Management should not mandate other non-ODL carriers by juniority to provide assistance for a senior non-ODL carrier. (See Lawerence Hutchins, NALC Vice President, retired, letter of April 28, 1988.) The requirement to draft by juniority when the ODL is exhausted is only applied to circumstances when a non-ODL employee is forced off his or her own assignment to work overtime on another assignment. If the overtime is on the carriers' own route, the Service may require the non-ODL carrier to work the overtime if there is no auxiliary assistance (casual, TE, PTF, ODL) available that would not be in a penalty overtime status. The exception to this rule is on the day of the week of inspection when the carrier is accompanied by a route examiner. During the other days of the week of inspection the non-ODL carrier may be required to work overtime the same amount of time used to count the mail in the morning.
Management sometimes argues that help could not be given to a non-ODL carrier because of an "operational window". If management sets a time as a cut-off which is not due to the office closing or the last dispatch leaving the office, it has been the Union's position that this self imposed policy cannot override the express provisions of the contract.
Arbitrators have agreed that management must conform to the agreed upon language of National Agreement and Memos incorporated therein. (See C#08021, C#07049) Each instance must be looked at to see if there is any validity to management's arguments, and if there was an alternative that could be used to avoid the LCP violation. For instance could the overtime have been anticipated and ODL carriers or others have come in earlier to start the day? Maybe the last dispatch truck leaves at 5:00pm, but the boxes out front get pulled at 6:30pm. As always there may be more to the picture than seen through the eyes of the supervisor.
Management sometimes invokes what it calls the "rule of reason". This is the concept incorporated in the December 20, 1988 Memorandum which describes that it might not be reasonable to require 20 minutes of travel each way for a carrier to provide a non-ODLer auxiliary assistance. Again each circumstance should be carefully considered, and no across the board limit should be the rule, as the operative question, is "What Is Reasonable?" Remember it is much easier to argue it was reasonable to provide auxiliary help to a non-ODL carrier if management is informed in the morning help is needed, rather than a call at 3:00 p.m. asking for help. (See C#10637, C#12669, C#11251, C#07886)
When stewards deal with grievances alleging violation of the LCP, they should always cite any previous grievance settlements or decisions from their station and installation. The union should always show when management has previously been put on notice concerning the requirements of the LCP, and ordered or agreed to cease and desist violations.
This is a must if the union intends to show a monetary remedy is appropriate. The effects of the remedy should be to correct the harm to the employee who was improperly forced to work overtime and to prevent future violations, and to compensate at the appropriate rate the employee who should properly have been assigned the work to perform.

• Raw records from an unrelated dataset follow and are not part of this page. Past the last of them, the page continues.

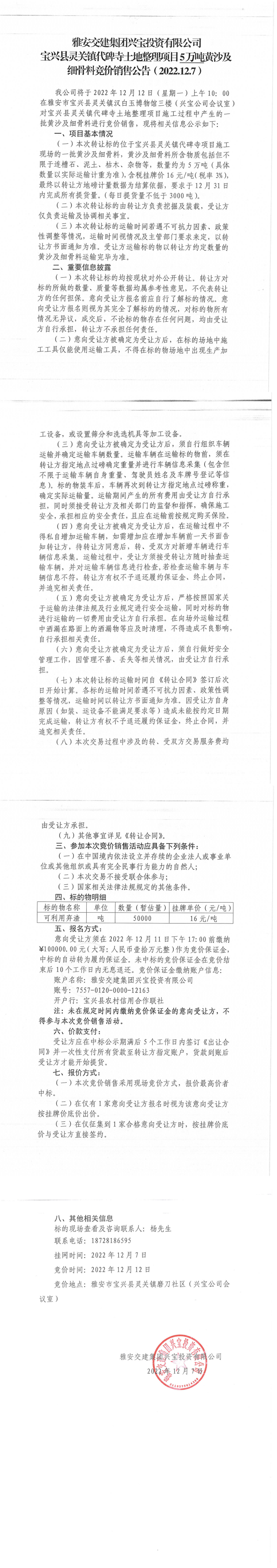 w66利来国际集团兴宝投资有限公司宝兴县灵关镇代碑寺土地整理项目5万吨黄沙及细骨料竞价销售成交公告(2022-12-12)
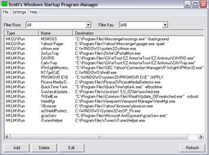 Delete the entries "CaAvTray" and "CAVRID" (assuming you're not using EZ Antivirus), then reset your computer. After that, see if you can uninstall EZFirewall. Also, I can't clearly read the entry above "PRISMSVR.EXE," but it looks like it might be spyware.
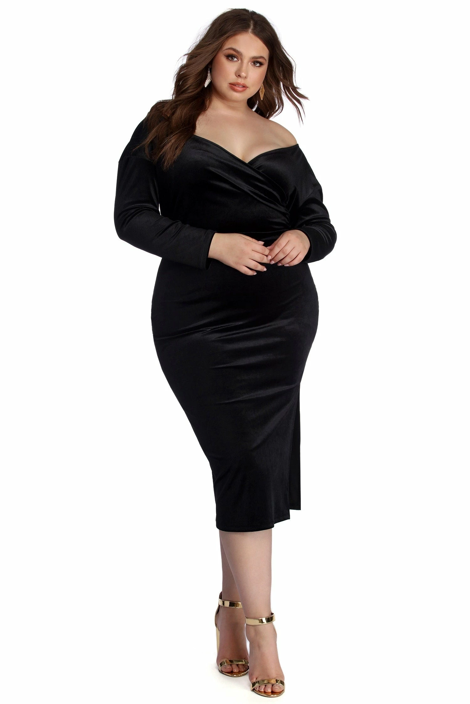 Elevate your evening look with in luxe velvet as you make your entrance in our lovely Kenia dress! She features a black hue, an off the shoulder neckline with a wrap V neck bust, long sleeves and a midi length silhouette with a side slit. She is composed of a lined velvet fabric that offers a curve hugging fit with a moderate stretch.
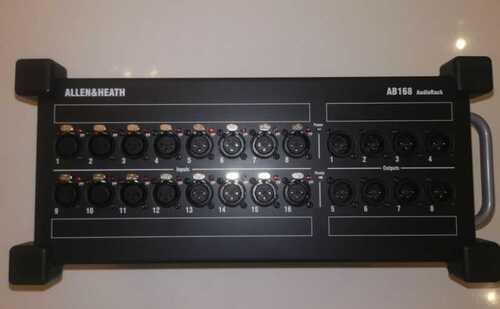 Bought for a project that fell through. Never used, just sat on the shelf.AB168 is a portable remote AudioRack for use with the Allen & Heath GLD and Qu series in live and installation settings. Featuring 16 mic preamps with Phantom Power indicators and 8 XLR line outs, AB168 runs on Allen & Heaths proprietary dSNAKE protocol and is compatible with both the Qu and GLD ranges. Adding an AB168 to a Qu or GLD system allows some or all I/O to be positioned up to 120m from the mixer. The unit connects over a single Cat5 cable to the Qu/GLD mixer or AR2412 AudioRack via a secure dSNAKE EtherCon port. A second EtherCon port is provided for daisy-chaining to another AB168 box or connection of a ME personal mixing system. AB168 auto updates its firmware to synchronise with the system. The racks rugged design, including rubber bumpers, renders it highly roadworthy and allows it to be placed on the stage floor during performances. Weighing in at just 4.8kg and featuring a sturdy carry handle, AB168 is also designed for maximum convenience and portability. An optional rack mounting kit is also available.16 Mic Preamps on XLRCompatible with GLD and QuPhantom Power LED per Input8 XLR Line OutsdSNAKE Connection with locking Ethercon portAdditional locking Ethercon port for daisy chaining / ME personal mixing systemRubber bumpersCarry handleOptional rack mount kit available
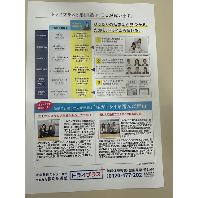 トライプラスの体験談付きの広告です。二名ともよく頑張ってくれた生徒です。このような生徒の居場所を作り上げていきたいです。
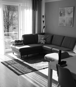 Zum Zeitpunkt des Ortstermins liegt der abgepasste Teppich im Wohnzimmer noch so, wie ursprünglich platziert. Nach Auskunft wurden seit dem Feststellen des Anhaftens keine weiteren Reinigungsmaßnahmen unter dem Textil durchgeführt. Beim vorsichtigen Zurückschlagen ist bereits eine deutliche Haftung am Untergrund festzustellen.
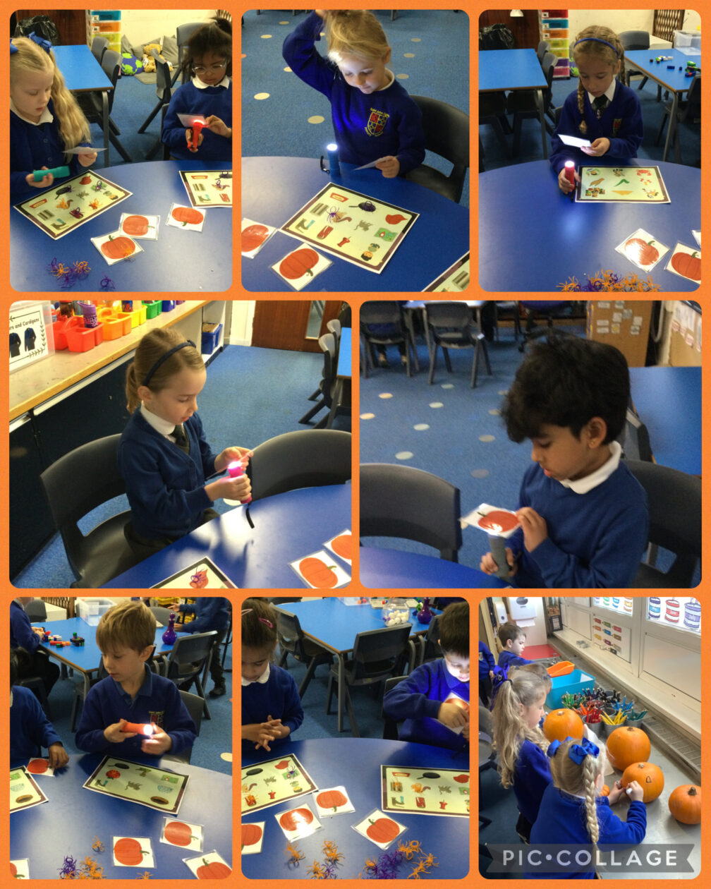 In Literacy, we have been learning the sound ‘i’. We had a reading task where we used torches to find the word behind the pumpkin picture and then we put a spider on the correct picture on our sheet. It was great fun!
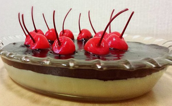 Adicione ao chocolate derretido 1 lata de creme de leite sem soro. Despeje esse creme preto sobre a camada de uvas. Leve à geladeira por cerca de 3 horas. Deixe na geladeira até a hora de servir a ceia de natal.
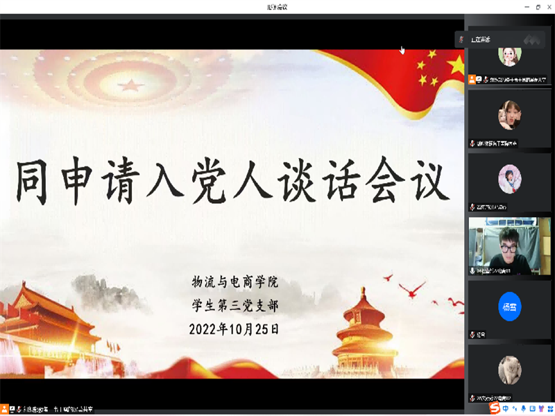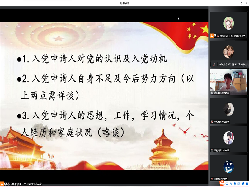 为帮助入党申请人进一步提高对党的认识,端正入党动机,进一步从思想上、能力上、作风上入党,树立政治信念,加强党性修养,结合疫情防控要求,太阳集团tyc234cc于10月25日12时20分在线上开展了学生第三党支部同申请入党人谈话会议。太阳集团tyc234cc学生第三党支部书记杨雪老师出席了本次会议,学生第三党支部120位入党申请人参加了此次会议。
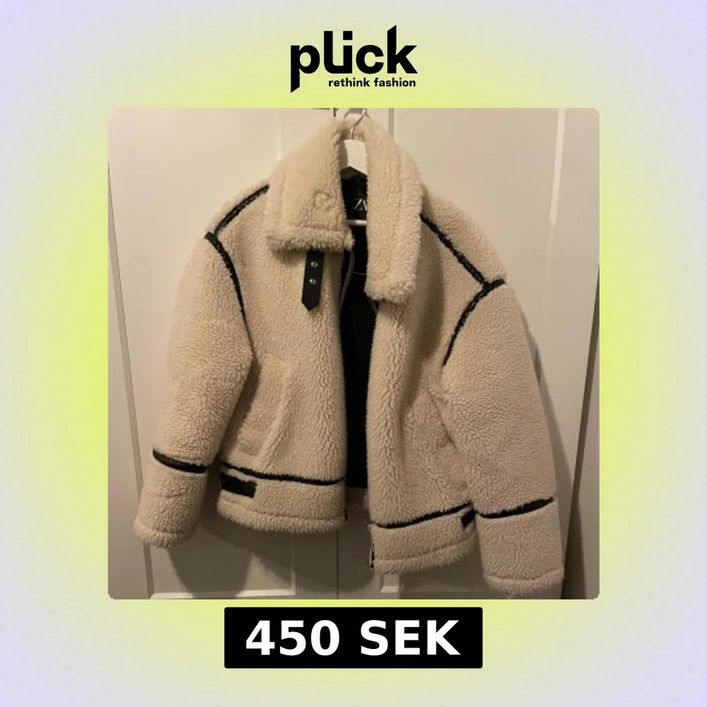 Säljer en vit teddyjacka från Zara med svarta detaljer och stora slag. Jackan har dragkedja, fickor och svarta band längs ärmar och midja. Väldigt varm och mysig, älskar till vintern!!
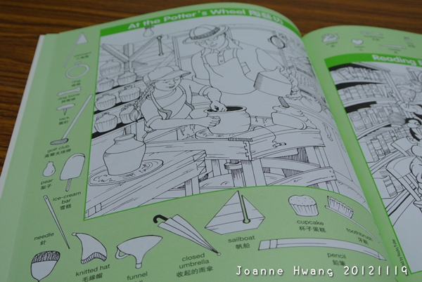 Hidden Pictures裡頭內頁有單頁的、也有跨兩頁的,每頁的圖旁邊都有一些指定的物品,讓小朋友們在大圖中找出來,給小朋友玩之前,Joanne會要小朋友先念旁邊的單字給我聽,用拼音的方式也好、唸錯也沒關係,稍微糾正一下就好,保持小朋友對英文的興致最重要,玩了幾次之後,很多英文單字就自然而然的會唸了呢。
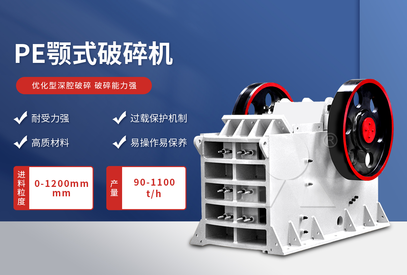 【建議顎破:進(jìn)料口大,1.2米以下物料可直接入料、對物料硬度沒有要求,產(chǎn)量高】
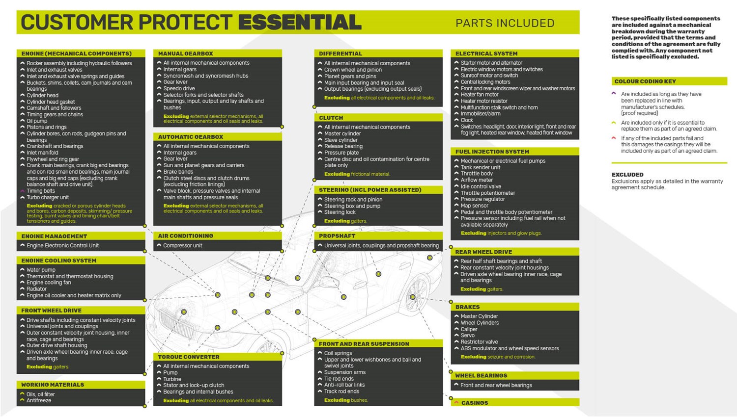 If your vehicle goes wrong it's inconvenient, aggravating and potentially costly. The Customer Protect Essential Warranty helps to ease the stress and minimise the strain on your wallet.
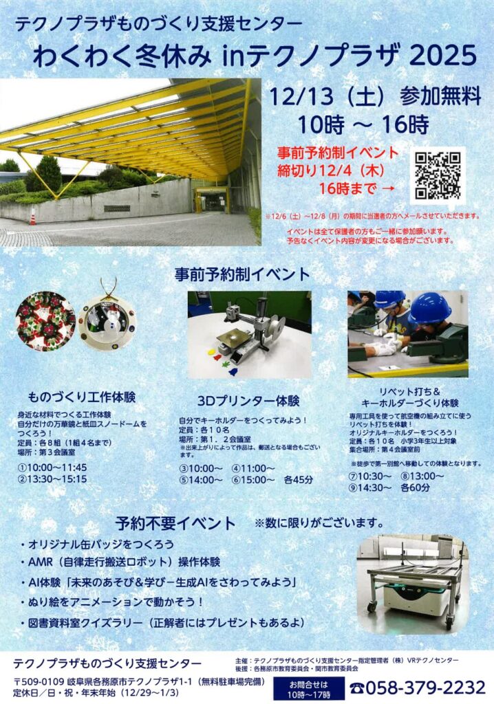 「わくわく冬休み in テクノプラザ2025」をテクノプラザにて開催します。
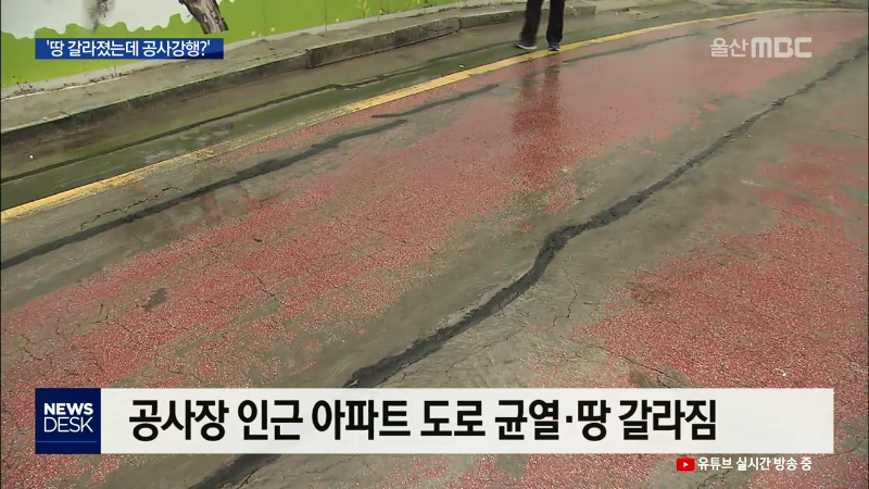◀ANC▶울산 남구의 한 아파트 주민들이아파트 인근에서 이뤄지는 공사 때문에피해를 호소하고 있습니다.크고 작은 균열에 이어,땅이 벌어지는 현상까지 나타났는데요.시공업체는 공사로 인한 피해는 인정하지만건물 안정성에 문제가 없어 예정대로 공사를진행하겠다는 입장입니다.김문희 기자. ◀END▶ ◀VCR▶울산 남...
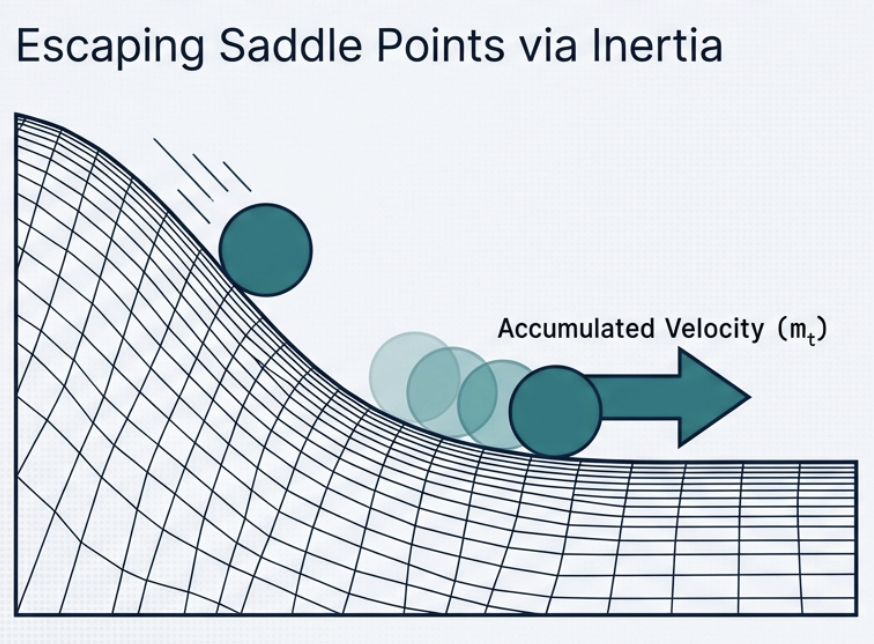 - Allows the optimizer to overshoot saddle points even when the current gradient is zero.
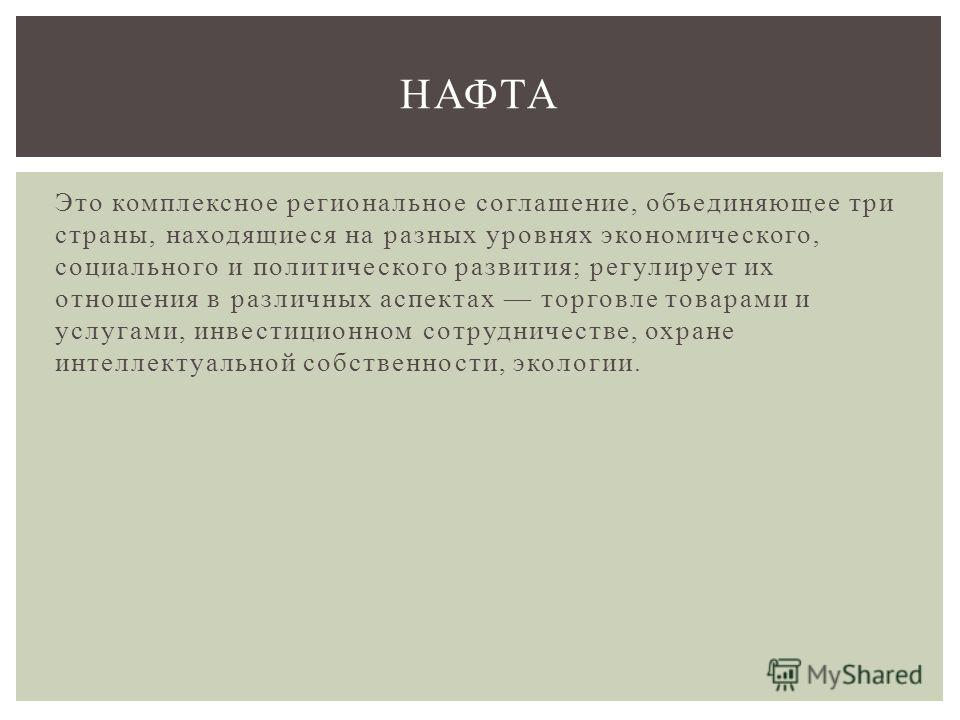 Это комплексное региональное соглашение, объединяющее три страны, находящиеся на разных уровнях экономического, социального и политического развития ; регулирует их отношения в различных аспектах торговле товарами и услугами, инвестиционном сотрудничестве, охране интеллектуальной собственности, экологии. НАФТА
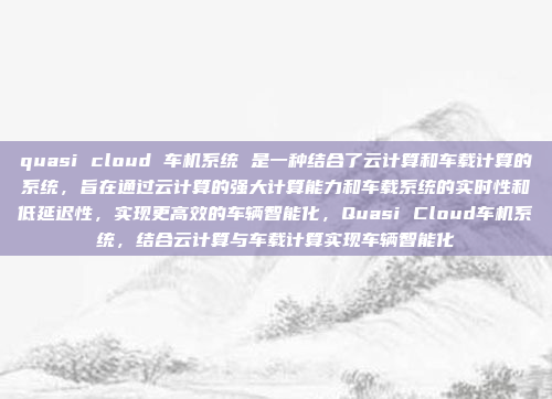 quasi cloud 车机系统 是未来汽车智能化发展的趋势之一,通过云计算和车载计算的结合,quasi cloud 车机系统 有望实现更智能、更高效的汽车系统,它不仅能够提升车辆的性能和用户体验,还能够为自动驾驶、智能驾驶和车辆安全等领域带来革命性的变化。
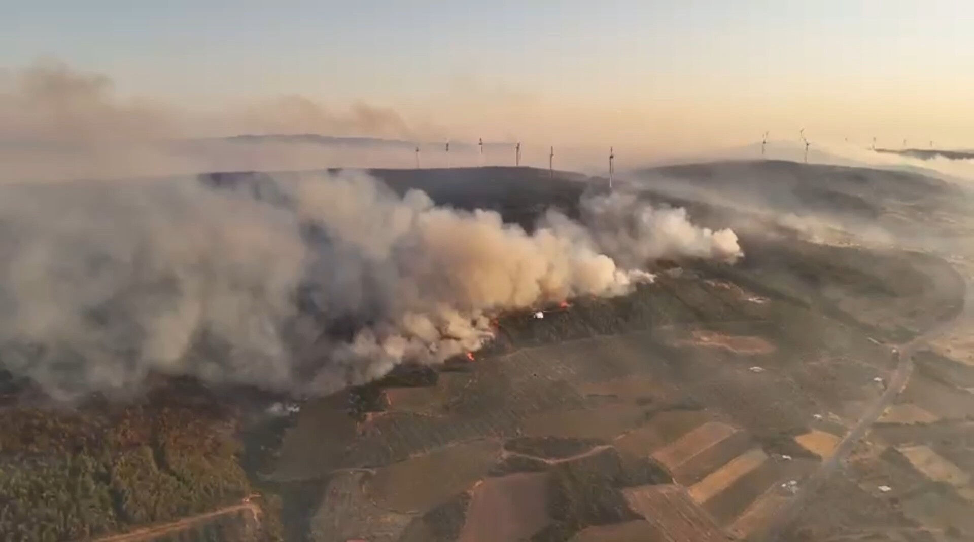 Şarköy ilçesinde devam eden orman yangını 26. saatine girerken, rüzgarın etkisiyle yeniden yükselen dumanlar dron ile havadan görüntülendi.
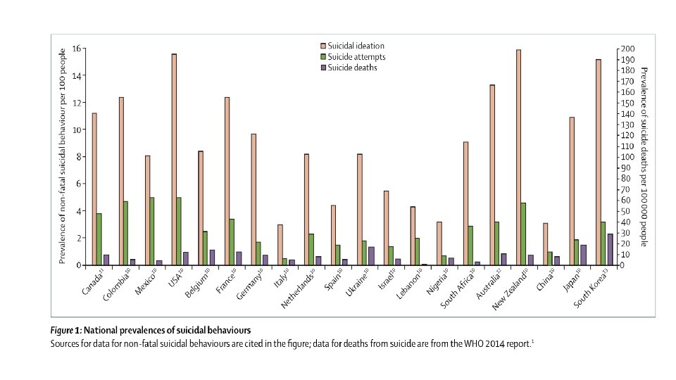 Epidemiology Ø Globally, an estimated 11. 4/100, 000 people commit suicides every year, resulting in 804, 000 deaths. Ø Individuals who reports suicide ideation with pervious 12 months have significantly higher 12 - months prevalence rates of suicide attempts (15. 1% in high-income countries and 20. 2% in low-income countries) Ø Suicide is the second leading cause of death in individuals age 15 -29 years. Ø Suicide rates very within and between countries, with as much as a tentimes difference between regions; this variation is partly correlated with economic status and cultural differences. Ø Cultural influences might TRUMP geographic location, because the suicide rates of immigrants are more closely correlated with their country of origin than with their adoptive country.
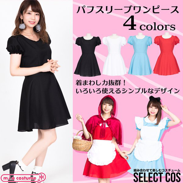 TOP > 小物(猫耳カチューシャ・ニーソ) > セレクトコス パフスリーブワンピース ブラック
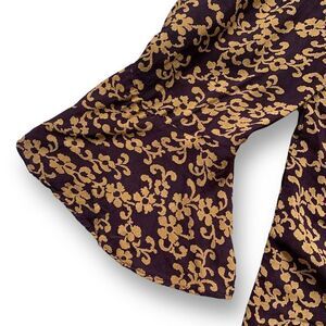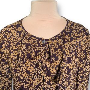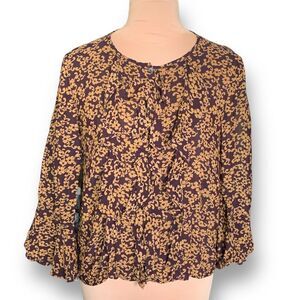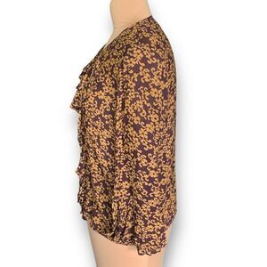 Vintage 90s Blouse Purple Ruffle Front Pirate Dark Floral Bell Long Sleeve Sheer
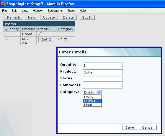 The wizard has used the mechanism of user defined data types with valid values, and then created a Chooser filed using the user defined data type. If you start the application, you will see that the Category field is represented by a drop-down list that lets the user choose one of the 3 values we have specified (Dairy, Drinks or Meat).
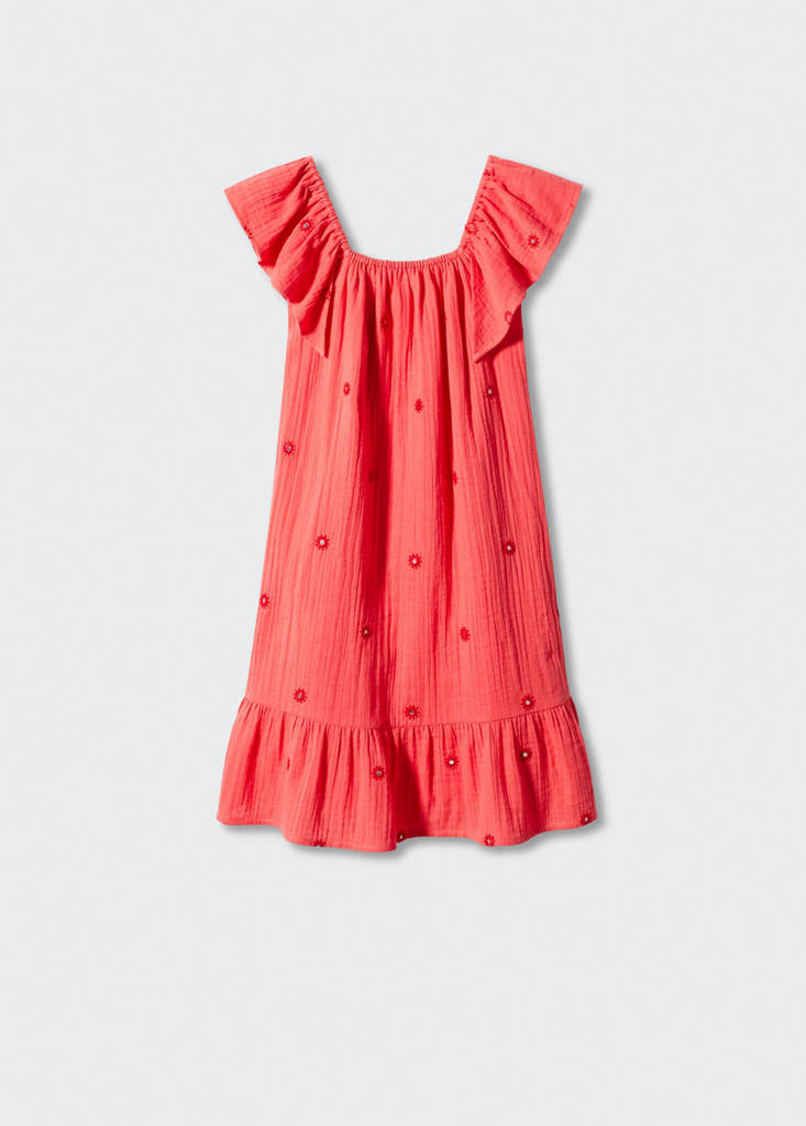 Print. Frill on the bottom. Ruffled straps. Square neckline. Sleeveless

The Letter Carrier Paragraph is agreed to language. It constantly amazes me that so many grievances are filed on the issue. Often management claims they don't "understand" how to apply it. If the Postal Service won't instruct their managers and supervisors how to apply the rules that govern their workroom floor, then we will through the grievance procedure.
It is not that confusing!
The principle of the Letter Carrier Paragraph is to relieve the non-ODL carrier of the need to work overtime by assigning the work to those who volunteer to work overtime (the ODL) or others (casuals, PTFs etc.).